Supported via GitHub Action (Automated & Always Up-to-Date)

Prefer to Clone Locally?

This repository includes 50+ language translations which significantly increases the download size. To clone without translations, use sparse checkout:

Bash / macOS / Linux:
git clone --filter=blob:none --sparse https://github.com/microsoft-foundry/Foundry-Local-Lab.git
cd Foundry-Local-Lab
git sparse-checkout set --no-cone '/*' '!translations' '!translated_images'
CMD (Windows):
git clone --filter=blob:none --sparse https://github.com/microsoft-foundry/Foundry-Local-Lab.git
cd Foundry-Local-Lab
git sparse-checkout set --no-cone "/*" "!translations" "!translated_images"
This gives you everything you need to complete the course with a much faster download.

Learning Objectives

By the end of this workshop you will be able to:

#	Objective
1	Install Foundry Local and manage models with the CLI
2	Master the Foundry Local SDK API for programmatic model management
3	Connect to the local inference server using the Python, JavaScript, and C# SDKs
4	Build a Retrieval-Augmented Generation (RAG) pipeline that grounds answers in your own data
5	Create AI agents with persistent instructions and personas
6	Orchestrate multi-agent workflows with feedback loops
7	Explore a production capstone app - the Zava Creative Writer
8	Build evaluation frameworks with golden datasets and LLM-as-judge scoring
9	Transcribe audio with Whisper - speech-to-text on-device using the Foundry Local SDK
10	Compile and run custom or Hugging Face models with ONNX Runtime GenAI and Foundry Local
11	Enable local models to call external functions with the tool-calling pattern
12	Build a browser-based UI for the Zava Creative Writer with real-time streaming

Prerequisites

Requirement	Details
Hardware	8 GB RAM minimum (16 GB recommended); AVX2-capable CPU or a supported GPU
OS	Windows 10/11 (x64/ARM), Windows Server 2025, or macOS 13+
Foundry Local CLI	Install via `winget install Microsoft.FoundryLocal` (Windows) or `brew tap microsoft/foundrylocal && brew install foundrylocal` (macOS).
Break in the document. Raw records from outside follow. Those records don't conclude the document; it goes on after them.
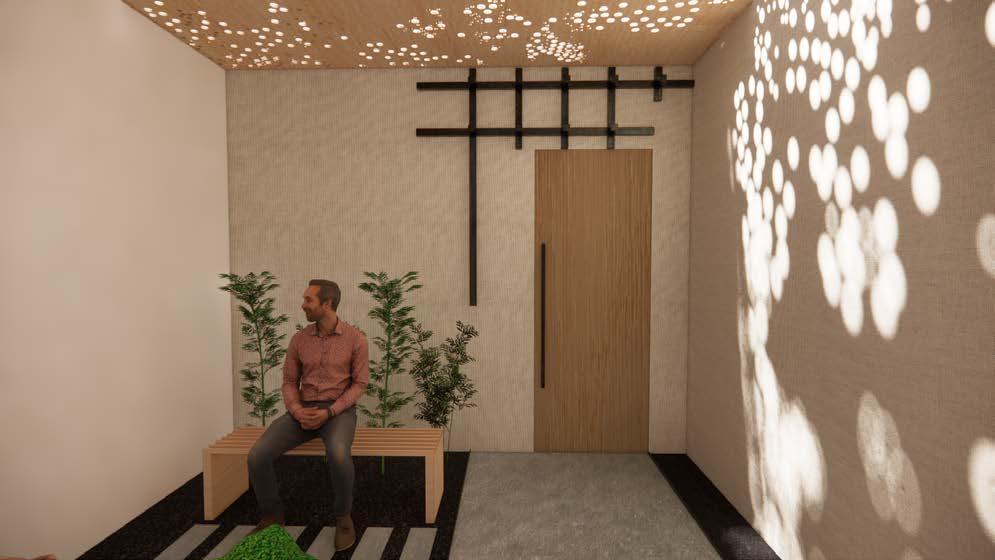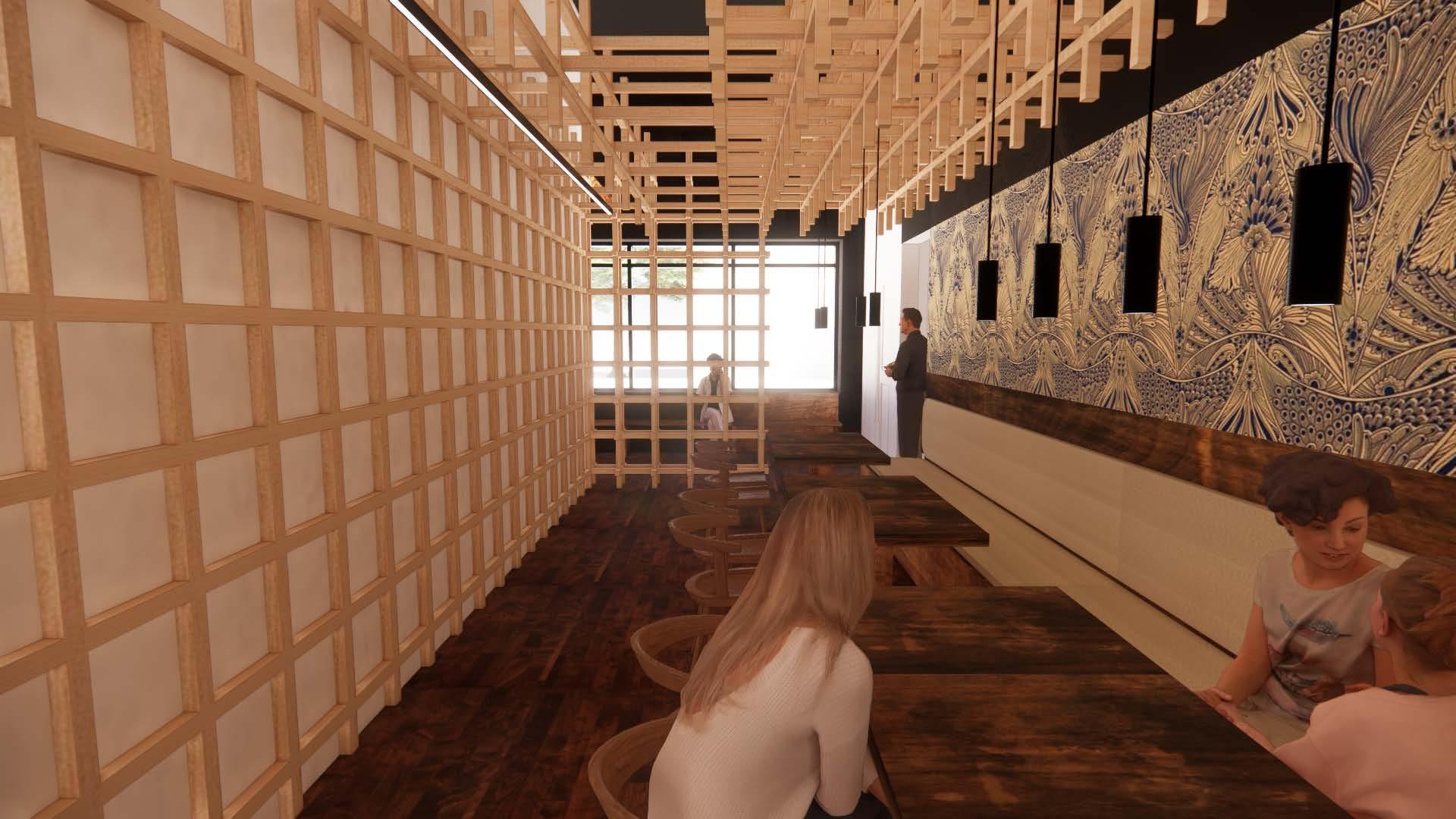 I started with designing a wood feature wall for the new dining expansion. The design scope evolved into extending the wood feature throughout the dining space. The client had expressed interest in doing a graphic on the ceiling, and wanted the waiting room to feel like it was in a garden. In response, I designed a perforated backlit ceiling feature to emulate a cherry blossom tree canopy to fully shape the atmosphere of the waiting room to resemble the outdoors. Media generated via Revit, Rhino 3D, Enscape, and Adobe Creative Suite.
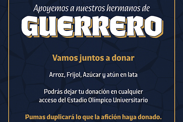Un llamado al que atendió Pumas, que para el compromiso de la Jornada 16 de la Liga MX ante Atlas lanzó una campaña en redes sociales para recaudar víveres para las zonas afectadas.
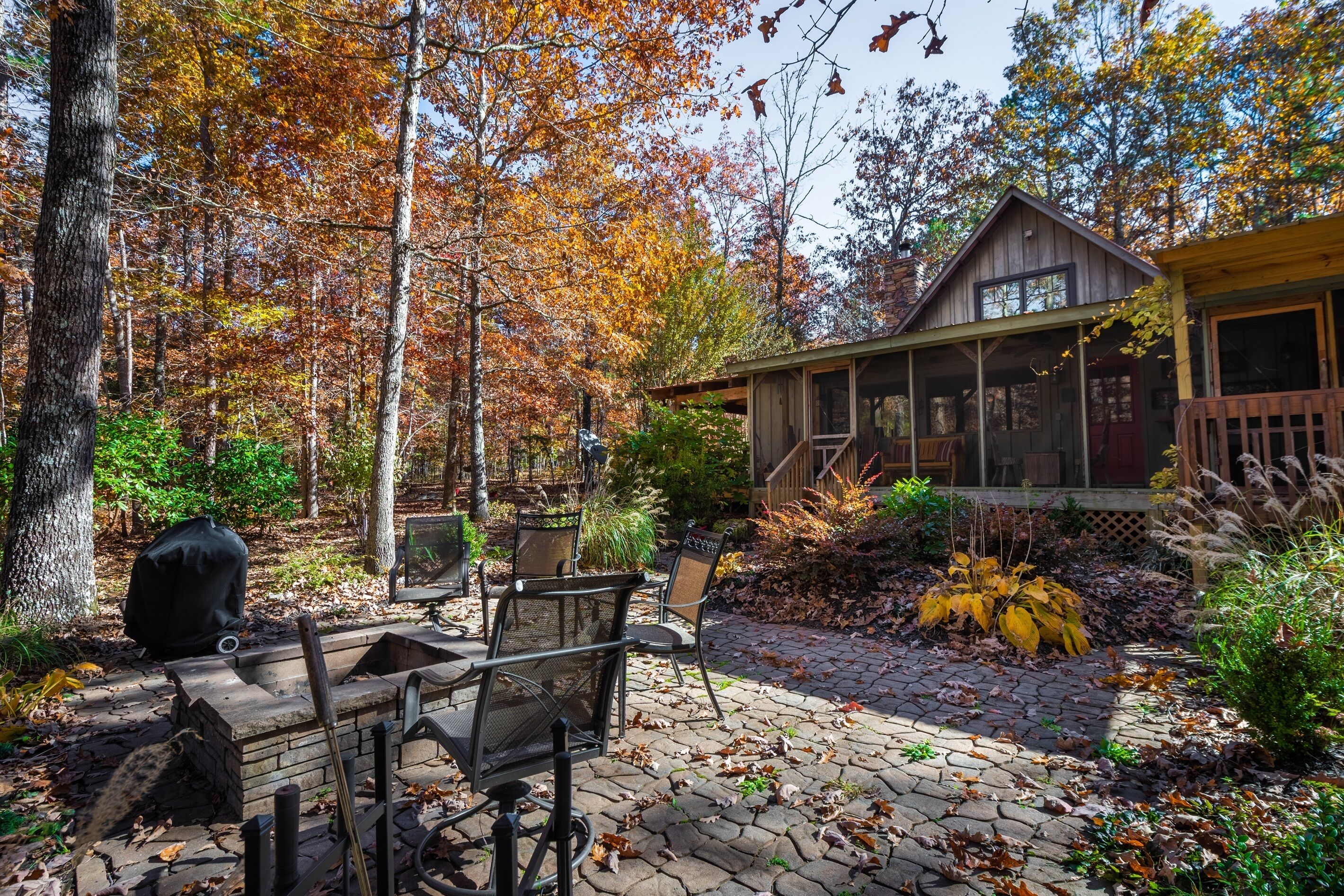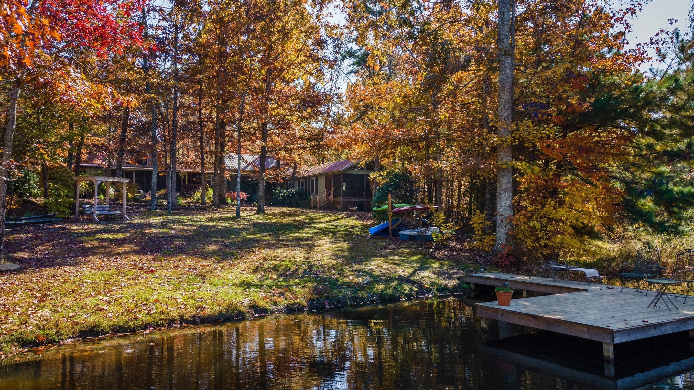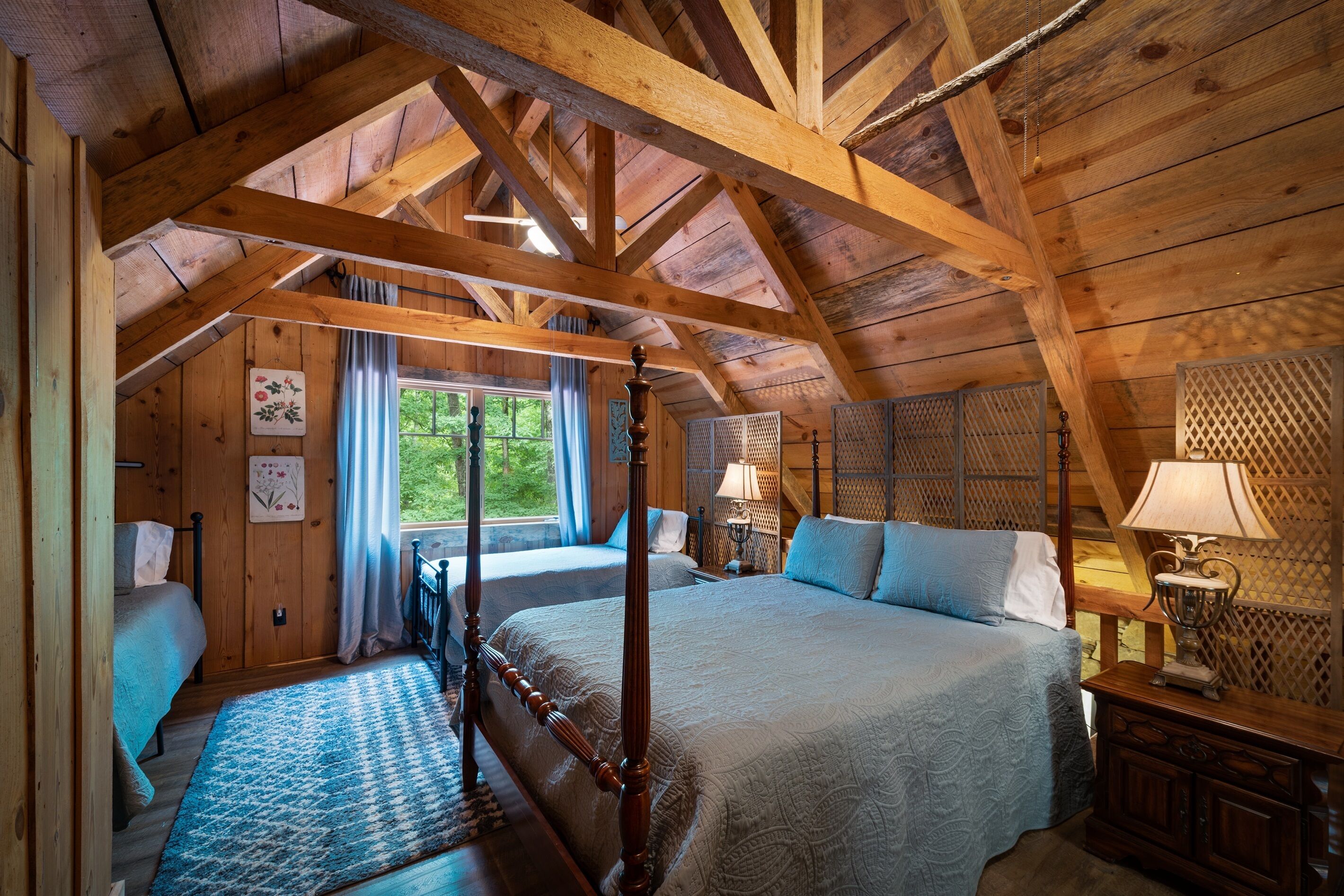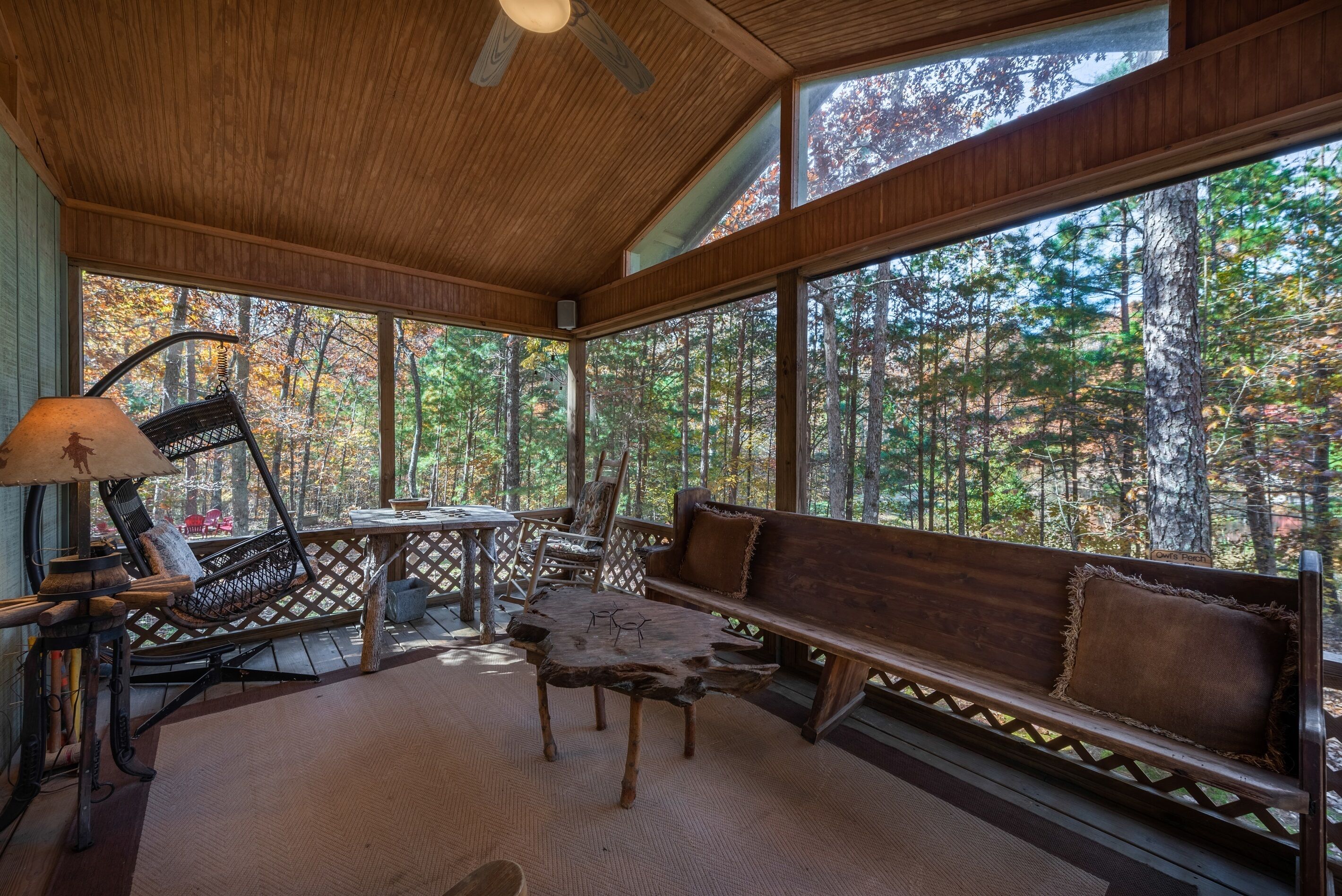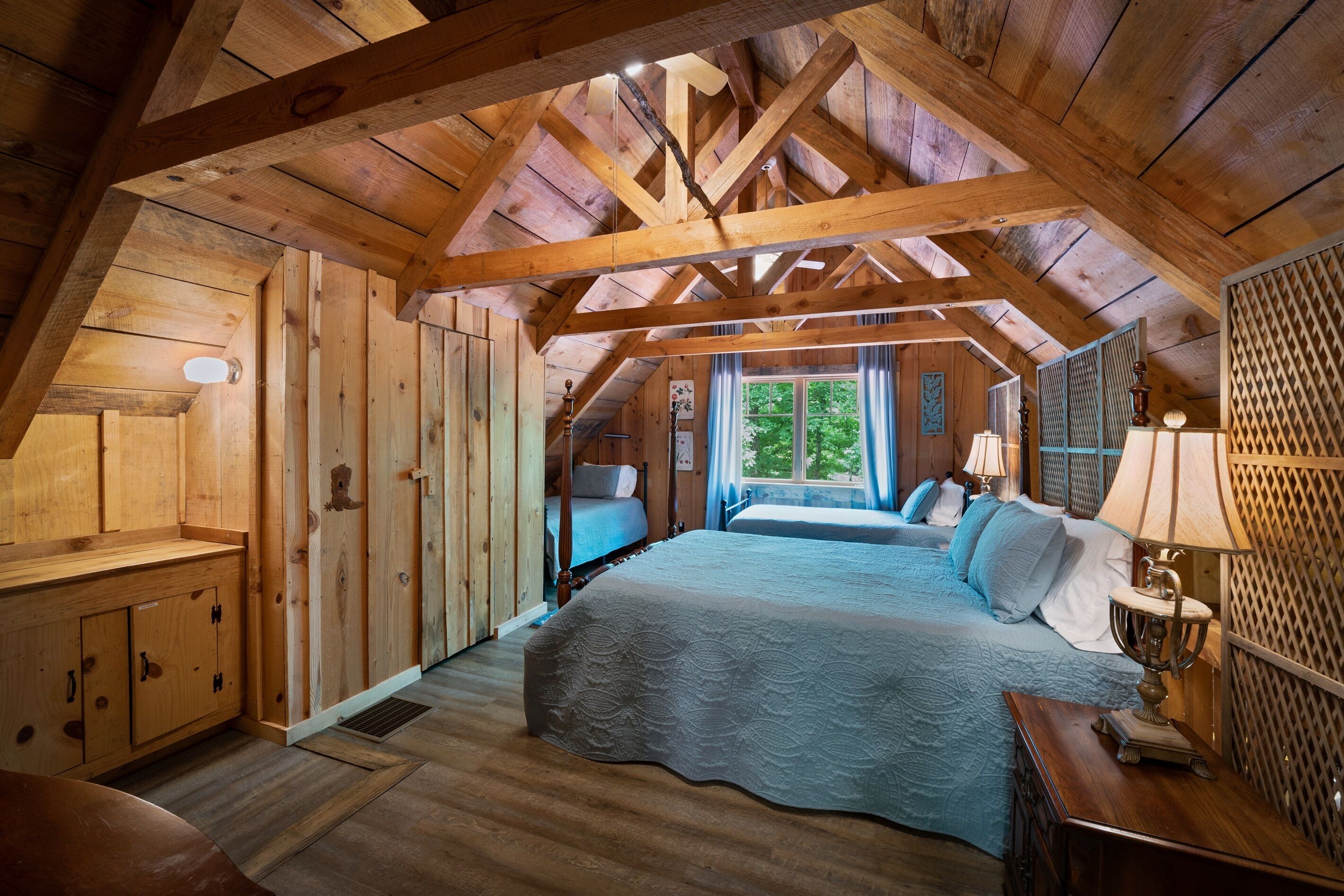 Eagles + Owl's-TWO cabins on the lake-sleeps 16 Lakefront Living at it's best! Bring the whole family & make the memories you'll cherish forever. Eagle's Rest & Owl's Perch sit side by side overlooking Eagle Lake. These cabins can accommodate up to 16 quests with a combination of 5 bedrooms, 4 ½ baths, 2 full kitchens, 2 livings rooms, a pool table & air hockey table! Outdoors you'll find two fire pits, two charcoal grills, paddleboat, paddle board, your own dock on the lake, & plenty of room for fun! These cabins are also pet friendly! This property contains TWO cabins, side by side on Eagle Lake.A large front porch welcomes you to Eagle's Rest overlooking beautiful Eagle Lake. Upon entering this gorgeous custom cabin, you'll find the comfy living room with wood floors and a stone, woodburning fireplace, dining area, and fully equipped kitchen with stainless steel appliances. Whimsical details can be found throughout this unique cabin including door handles carved by a local artist and interesting art throughout. There is also a game room stocked with plenty of games, puzzles and toys and an air hockey table. The quiet and inviting king-sized en suite master bedroom is on the main level. A powder room and a laundry room with a full-size washer and dryer finishes out the main level. Upstairs you'll find another full-size bath as well as a loft style bedroom with queen size bed plus two twin size beds. Enjoy views of Eagle Lake while relaxing on the screened porch, accessible from both the living room and the master bedroom. The outdoor space features a large yard, lots of sitting and outdoor dining areas, a charcoal grill and an antique forged iron fountain on the patio. Bring your fishing gear to fish off the dock or cruise around the lake on our paddleboat/paddle board or your own kayak or canoe. Please bring your own lifejackets. Owl's Perch is nestled beside the neighboring cabin and overlooks gorgeous Eagle Lake. The cabin has that wonderful rustic Mentone feel while offering all the creature comforts of home. A brand new fully equipped kitchen with stainless steel appliances and an outdoor charcoal grill will have you prepping meals for the fam to enjoy either at the indoor dining table or at the lakeside picnic table. A cozy living room with flat screen tv, leads you out onto the screened porch overlooking Eagle Lake. There are two bedrooms downstairs: one private with a queen bed and TV; the other with twin bed and another twin sized custom-built top bunk. A full-sized bath with clawfoot tub and shower is also on the main level in addition to a laundry room with full size washer and dryer. On your way upstairs, stop off in the game room with full size pool table, games, puzzles, toys for the kids and a reading nook as well as another full-size bath. Upstairs loft bedroom offers lots of space with a queen bed + full bed, a custom dollhouse and a cozy seating area. There's plenty of space to play outdoors in the large lakefront yard. Enjoy smores around the private (second) fire pit tucked behind the cabin near the woods. We have lots of outdoor seating for you to enjoy your morning coffee or an evening cocktail on the screened-in porch overlooking the lake or relaxing on the spacious deck by the antique fountain. These cabins are completely separate with separate entrances and screened porches but they are joined by a deck. Located approximately 5-10 minutes from downtown Mentone, 10 minutes to Desoto State Park, 30 minutes to Cloudland State Park.

See the getting started guide for details.
Language runtime	Python 3.9+ and/or .NET 9.0+ and/or Node.js 18+
Git	For cloning this repository

Getting Started

# 1. Clone the repository
git clone https://github.com/microsoft-foundry/foundry-local-lab.git
cd foundry-local-lab

# 2. Verify Foundry Local is installed
foundry model list              # List available models
foundry model run phi-3.5-mini  # Start an interactive chat

# 3. Choose your language track (see Part 2 lab for full setup)

Language	Quick Start
Python	`cd python && pip install -r requirements.txt && python foundry-local.py`
C#	`cd csharp && dotnet run`
JavaScript	`cd javascript && npm install && node foundry-local.mjs`

Workshop Parts

Part 1: Getting Started with Foundry Local

Lab guide: labs/part1-getting-started.md

What is Foundry Local and how it works
Installing the CLI on Windows and macOS
Exploring models - listing, downloading, running
Understanding model aliases and dynamic ports

Part 2: Foundry Local SDK Deep Dive

Lab guide: labs/part2-foundry-local-sdk.md

Why use the SDK over the CLI for application development
Full SDK API reference for Python, JavaScript, and C#
Service management, catalog browsing, model lifecycle (download, load, unload)
Quick-start patterns: Python constructor bootstrap, JavaScript init(), C# CreateAsync()
FoundryModelInfo metadata, aliases, and hardware-optimal model selection

Part 3: SDKs and APIs

Lab guide: labs/part3-sdk-and-apis.md

Connecting to Foundry Local from Python, JavaScript, and C#
Using the Foundry Local SDK to manage the service programmatically
Streaming chat completions via the OpenAI-compatible API
SDK method reference for each language

Code samples:

Language	File	Description
Python	`python/foundry-local.py`	Basic streaming chat
C#	`csharp/BasicChat.cs`	Streaming chat with .NET
JavaScript	`javascript/foundry-local.mjs`	Streaming chat with Node.js

Part 4: Retrieval-Augmented Generation (RAG)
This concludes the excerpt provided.